*Records for processing:*
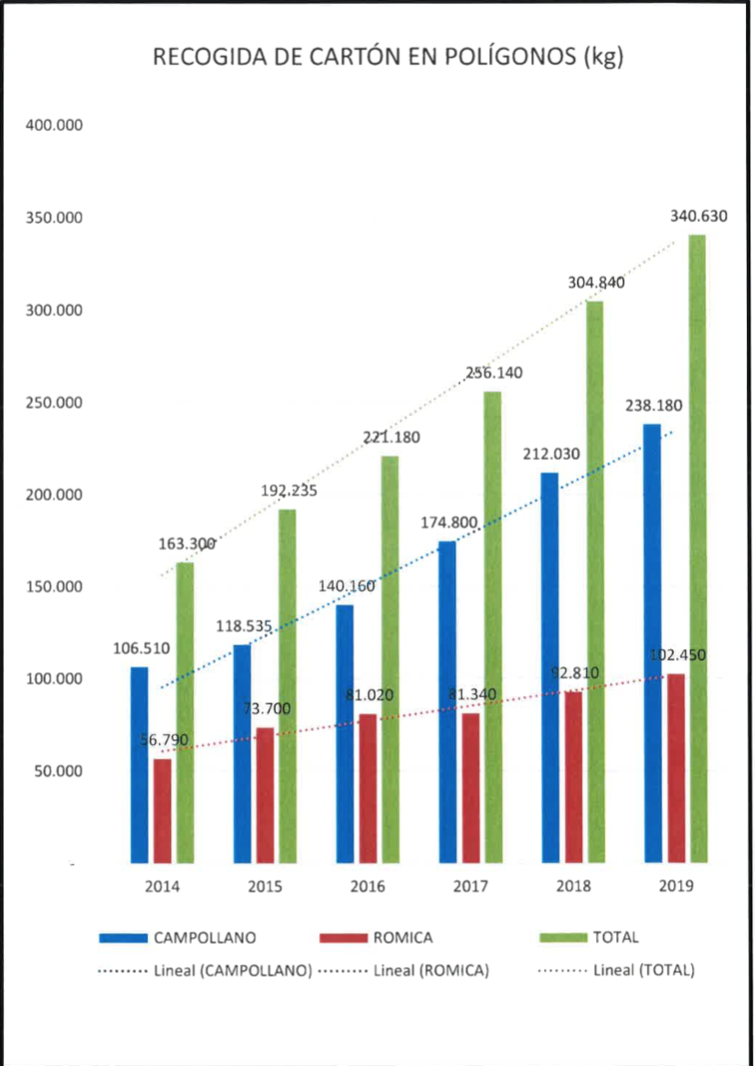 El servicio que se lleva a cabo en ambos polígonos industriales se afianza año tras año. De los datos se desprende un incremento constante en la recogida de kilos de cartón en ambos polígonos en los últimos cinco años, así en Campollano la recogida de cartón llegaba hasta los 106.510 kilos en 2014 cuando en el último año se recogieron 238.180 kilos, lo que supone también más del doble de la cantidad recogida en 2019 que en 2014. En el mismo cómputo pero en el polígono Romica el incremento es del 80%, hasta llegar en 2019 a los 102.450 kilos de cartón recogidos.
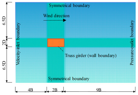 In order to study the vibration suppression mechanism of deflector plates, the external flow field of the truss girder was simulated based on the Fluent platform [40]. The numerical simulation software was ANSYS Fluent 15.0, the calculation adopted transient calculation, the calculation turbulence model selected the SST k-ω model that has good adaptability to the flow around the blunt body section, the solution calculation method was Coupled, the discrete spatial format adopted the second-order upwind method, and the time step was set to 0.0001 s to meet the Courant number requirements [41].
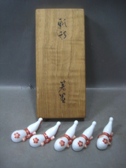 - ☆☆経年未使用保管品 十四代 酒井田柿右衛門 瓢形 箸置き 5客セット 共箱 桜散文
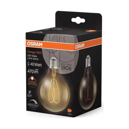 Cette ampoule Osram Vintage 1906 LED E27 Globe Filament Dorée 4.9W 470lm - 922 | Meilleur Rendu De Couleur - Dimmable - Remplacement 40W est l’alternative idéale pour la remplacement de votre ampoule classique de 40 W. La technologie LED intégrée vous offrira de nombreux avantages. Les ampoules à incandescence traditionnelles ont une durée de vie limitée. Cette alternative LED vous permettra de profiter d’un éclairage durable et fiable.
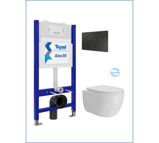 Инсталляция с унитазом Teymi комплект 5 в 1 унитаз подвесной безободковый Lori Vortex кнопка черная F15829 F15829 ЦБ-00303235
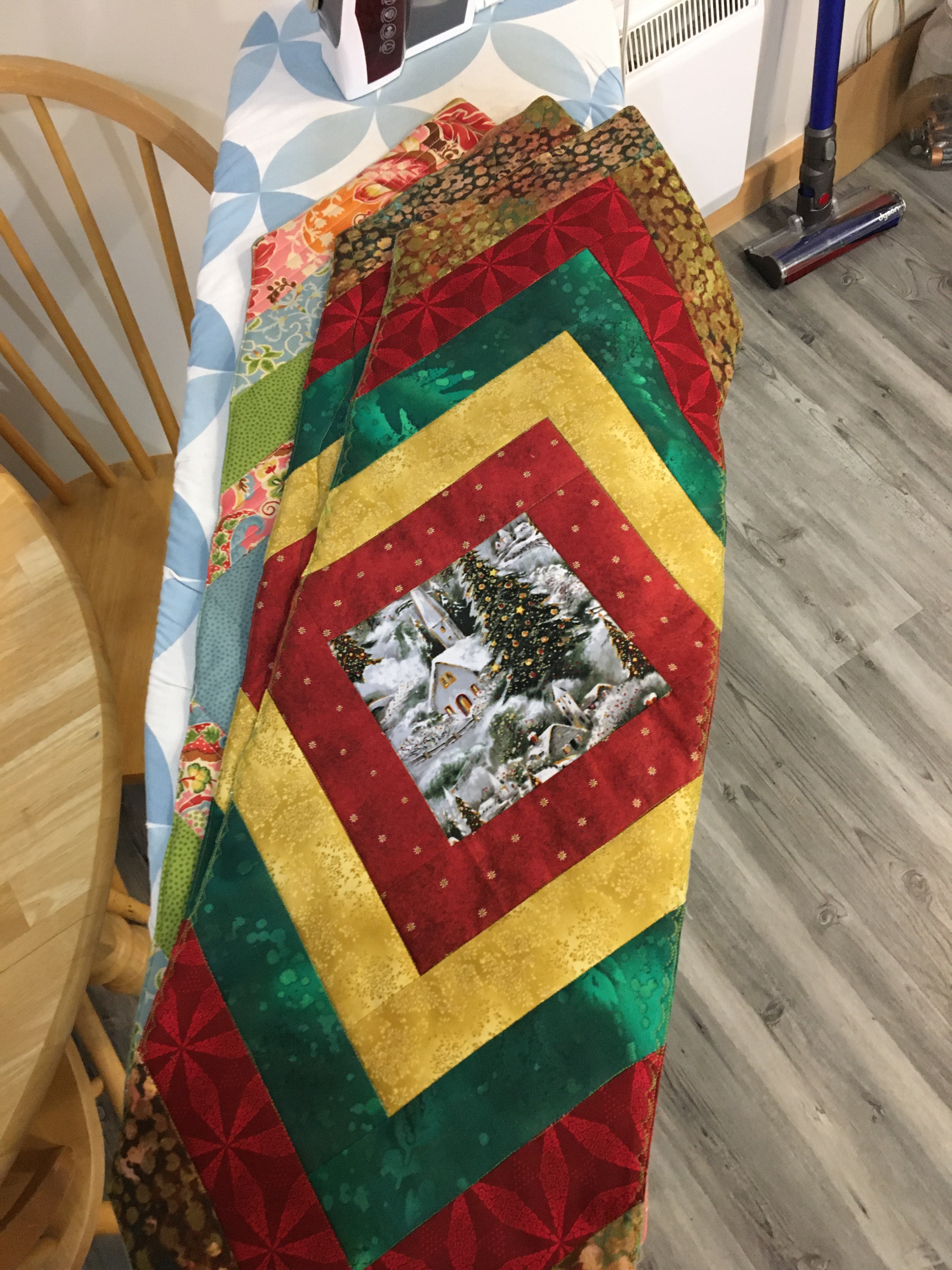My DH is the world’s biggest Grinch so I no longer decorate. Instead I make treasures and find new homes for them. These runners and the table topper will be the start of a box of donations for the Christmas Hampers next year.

*Work required:* Every record gets retyped exactly; no picture goes into the copy.

*Solution to this exercise:*
 El servicio que se lleva a cabo en ambos polígonos industriales se afianza año tras año. De los datos se desprende un incremento constante en la recogida de kilos de cartón en ambos polígonos en los últimos cinco años, así en Campollano la recogida de cartón llegaba hasta los 106.510 kilos en 2014 cuando en el último año se recogieron 238.180 kilos, lo que supone también más del doble de la cantidad recogida en 2019 que en 2014. En el mismo cómputo pero en el polígono Romica el incremento es del 80%, hasta llegar en 2019 a los 102.450 kilos de cartón recogidos.
 In order to study the vibration suppression mechanism of deflector plates, the external flow field of the truss girder was simulated based on the Fluent platform [40]. The numerical simulation software was ANSYS Fluent 15.0, the calculation adopted transient calculation, the calculation turbulence model selected the SST k-ω model that has good adaptability to the flow around the blunt body section, the solution calculation method was Coupled, the discrete spatial format adopted the second-order upwind method, and the time step was set to 0.0001 s to meet the Courant number requirements [41].
 - ☆☆経年未使用保管品 十四代 酒井田柿右衛門 瓢形 箸置き 5客セット 共箱 桜散文
 Cette ampoule Osram Vintage 1906 LED E27 Globe Filament Dorée 4.9W 470lm - 922 | Meilleur Rendu De Couleur - Dimmable - Remplacement 40W est l’alternative idéale pour la remplacement de votre ampoule classique de 40 W. La technologie LED intégrée vous offrira de nombreux avantages. Les ampoules à incandescence traditionnelles ont une durée de vie limitée. Cette alternative LED vous permettra de profiter d’un éclairage durable et fiable.
 Инсталляция с унитазом Teymi комплект 5 в 1 унитаз подвесной безободковый Lori Vortex кнопка черная F15829 F15829 ЦБ-00303235
My DH is the world’s biggest Grinch so I no longer decorate. Instead I make treasures and find new homes for them. These runners and the table topper will be the start of a box of donations for the Christmas Hampers next year.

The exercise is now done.